In conclusion, the financial pressures stemming from inadequate Medicare and Medicaid payments significantly influence hospitals’ ethical decisions regarding patient selection. While economic realities may justify practices like cream-skimming in certain contexts, these practices pose serious ethical concerns by prioritizing profit over equitable patient care. Ultimately, reforms aimed at increasing reimbursement rates, promoting transparency, and ensuring equitable access are necessary to reconcile the financial sustainability of hospitals with their moral obligation to serve all patients ethically and fairly.
References
- Friesner, D. L., & Rosenman, R. (2009). Do hospitals practice cream skimming? Health Services Management Research, 22(1), 39–49.
- Gillon, R. (1994). Medical ethics: four principles plus attention to scope. BMJ, 308(6935), 184–184.
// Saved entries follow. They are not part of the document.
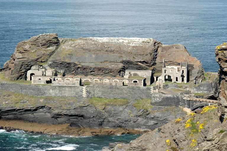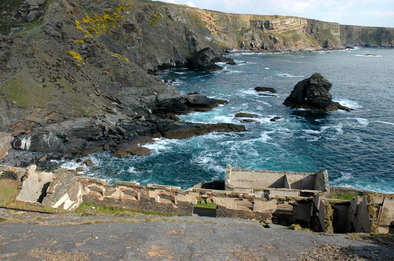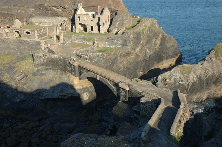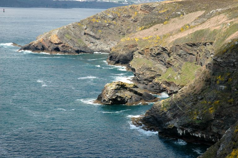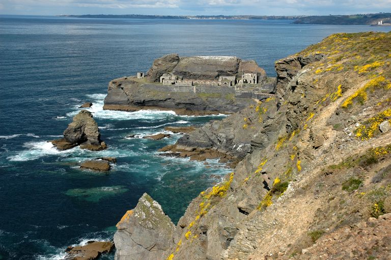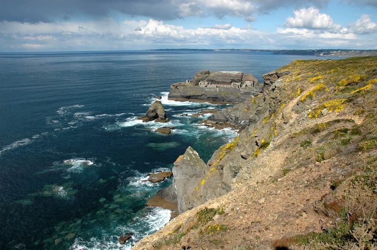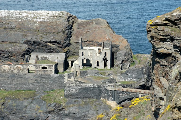 Matériau constitutif du site : falaise en schiste et quarzite de Plougastel. L'ilot est un monolithe en schiste ardoisier presque noir.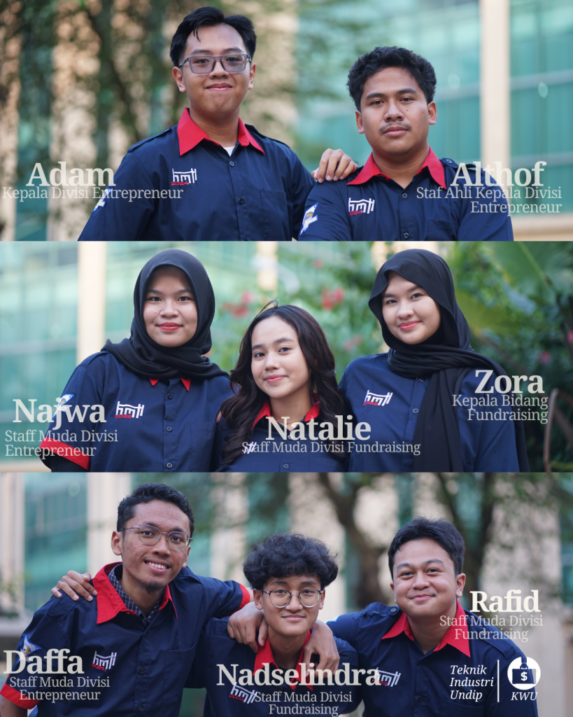 Meet Bidang KWU !They plays a big role in growing the interpreneurship and business vibe among Industrial Engineering students at UNDIP. They’re here to support studentpreneurs, provide all sorts of needs for Industrial Engineering UNDIP students, and help fund awesome programs in HMTI. Basically, They hustle so HMTI can keep running strong! 💼🔥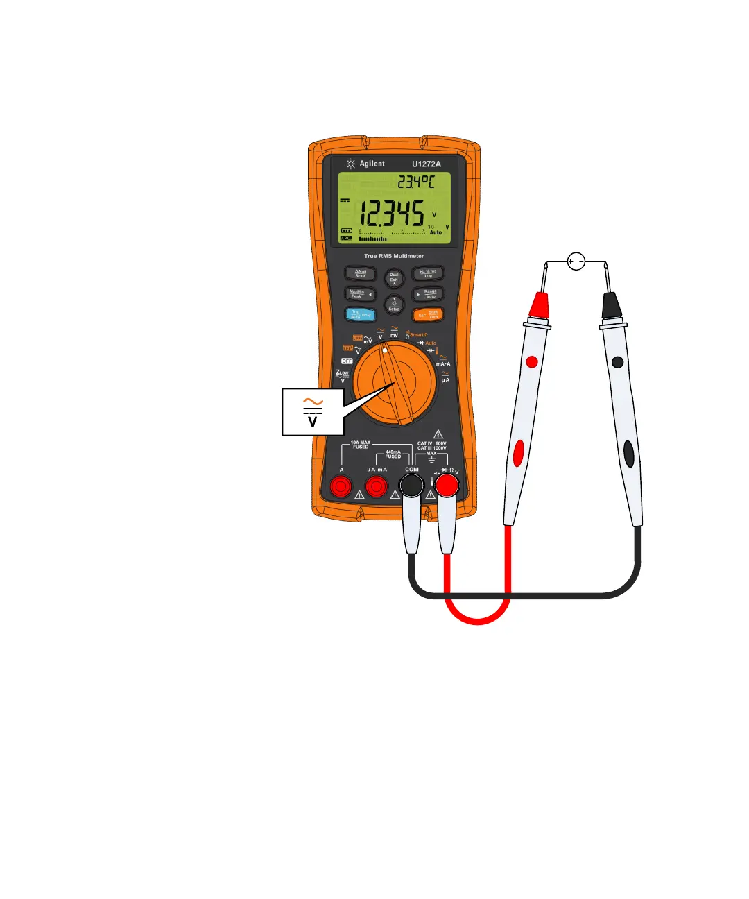 Keysight U1272A - Figure 2-5 Measuring DC Voltage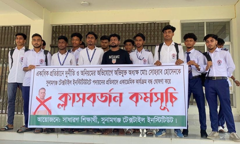 সুনামগঞ্জ: একাধিক প্রতিষ্ঠানে দুর্নীতি ও অনিয়মের অভিযোগে অভিযুক্ত অধ্যক্ষ মো. সোহরাব হোসেনকে সুনামগঞ্জ টেক্সটাইল ইনস্টিটিউটে পদায়নের প্রতিবাদে ক্লাস বর্জন করে বিক্ষোভ মিছিল করেছেন শিক্ষার্থীরা।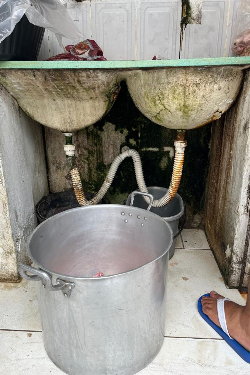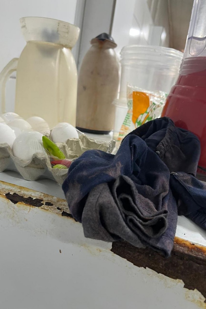 Entre as irregularidades encontradas estão o armazenamento inadequado de alimentos, estrutura física comprometida, além de equipamentos e eletrodomésticos em estado precário, sem a manutenção necessária. A fiscalização também constatou falta de higiene geral no ambiente e a presença de colaborador manipulando alimentos sem o uso de uniforme e calçado adequados, o que contraria a legislação sanitária.

- Henderson, J. (2018). Health Economics and Policy (7th ed.). Cengage Learning.
- Zwanziger, J., & Bamezai, A. (2006). Evidence of cost shifting in California hospitals. Health Affairs, 25(1), 197–203.
- Cunningham, P., Rudowitz, R., Young, K., Garfield, R., & Foutz, J. (2016). Understanding Medicaid hospital payments and the impact of recent policy changes. Issue Brief.
- Van de Ven, W. P. M. M., & Van Vliet, R. C. J. A. (1992). How can we prevent cream skimming in a competitive health insurance market? Developments in Health Economics and Public Policy.
- Healthcare Systems Engineering. (2012). Cost shifting in healthcare. Healthcare Systems Engineering, 2012.
- Additional relevant peer-reviewed articles discussing ethical considerations related to hospital reimbursement and patient selection practices.